ダンジョンマスターとは
夜はさすがに森は危ないからとエルフの里のレニヴァルの実家に泊まらせてもらった。
ホーンディアというシカの魔物を狩ってお土産にすると、大歓迎してくれた。
11人家族のレニヴァルの実家は、幼い子供達とお年寄りだけで、狩りなどに行けるのはレニヴァルだけだったらしい。
ヨークヴァルさんも腰を悪くしていて、里の中をうろつくのがせいぜいらしい。
鹿肉の果実酒煮は、大量に作ったのにペロリと無くなった。満腹になった子供達が雑魚寝している居間の隅に呼ばれた。
ヨークヴァルさんが、ローテーブルを組み立てて木の板の床の上に直に座って木のコップを差し出す。

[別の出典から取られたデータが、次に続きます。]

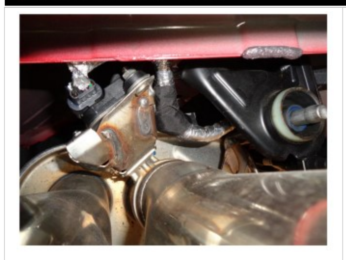
Step 1: Before removing the OEM exhaust system you will need to unplug the electrical connectors for both exhaust control valves. These are located on the vehicles tail pipes.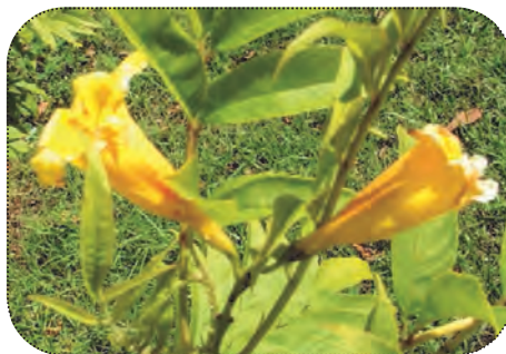
The flower of the yellow bells or yellow trumpet bush.

Yellow bells has readily been found as a self-seeded plant in people's gardens or on roadsides. It invades disturbed, rocky,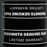
2008—2010 FORD 6.4L POWERSTROKE FACTORY-FIT COLD-SIDE UPPER BOOT MODEL: MMBK-F2D-08CU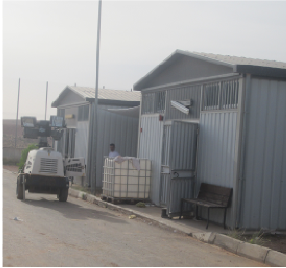
Bou Rashada detention centre. May 2012.

A rubbish collector from Mali, who had lived in Libya for three years, was stopped along with 10 other Malians and four Nigerians from their home in Ain Zara, Tripoli, in late March. He said that they were taken by a group of six or seven men in military dress, put in 4x4 vehicles and driven about 100km to an armed militia base near Gharyan, where other Libyans and non-Libyans were detained. He said: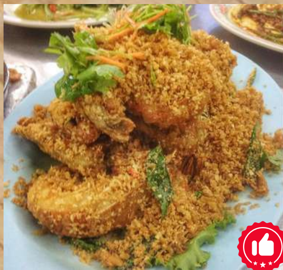
Cereal Slipper Lobster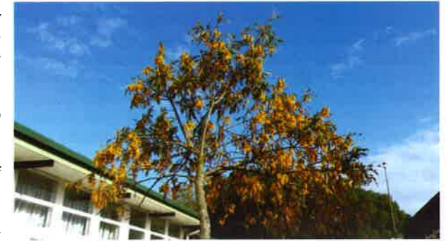
Spring-time at MC

At this year's Polyfest we were delighted with the way that every group performed and had much pleasure when once again our Cook Island Group placed 2 nd in their competition in a stunning display of cultural musicality and choreography and our Samoan group gained 3 rd place in the co-ed section.

「すまぬな、シンジ。木いちごの果実酒しか嗜好品が無いのだ」
「俺にはごちそうです。いただきます」
コップ一杯分ちびちびと飲んでいるとヨークヴァルさんが疲れた顔で呟いた。
「……もうこの里は終わりじゃ」
ギョッとした。
「これからですよ!ヨークヴァルさん!森の恵みもありますし!」
「この里には1000人のエルフが居る。森の恵みもいつまで保つか、ひと月保てばいい方だろう。神域には、何があろうと手出ししてはいかんとオババ様達がキツく禁じて来た。今日一日で800匹近くの魔物達が狩られた。これには村長も仰天している。今日の糧だけ獲らせるつもりが、皆、保存することを考えて多く狩ってきたのじゃ…もう、後戻りでき無い。シンジよ、どうか、わしらを助けてくれ」
ヨークヴァルさんは深々と頭を下げた。
「協力します!何が出来るかわからないので色々お話しを聴かせて下さい」
聞けば聞くほど悲惨な話だった。
ここも神域の一部だったが輪作農業がこの世界では確立されて無いらしく気が付けば不作の年が続き、狩りで生計を立てるようになり、肉食になると精霊魔法が使えなくなった。弓矢と剣で何とか糊口を凌いで来た。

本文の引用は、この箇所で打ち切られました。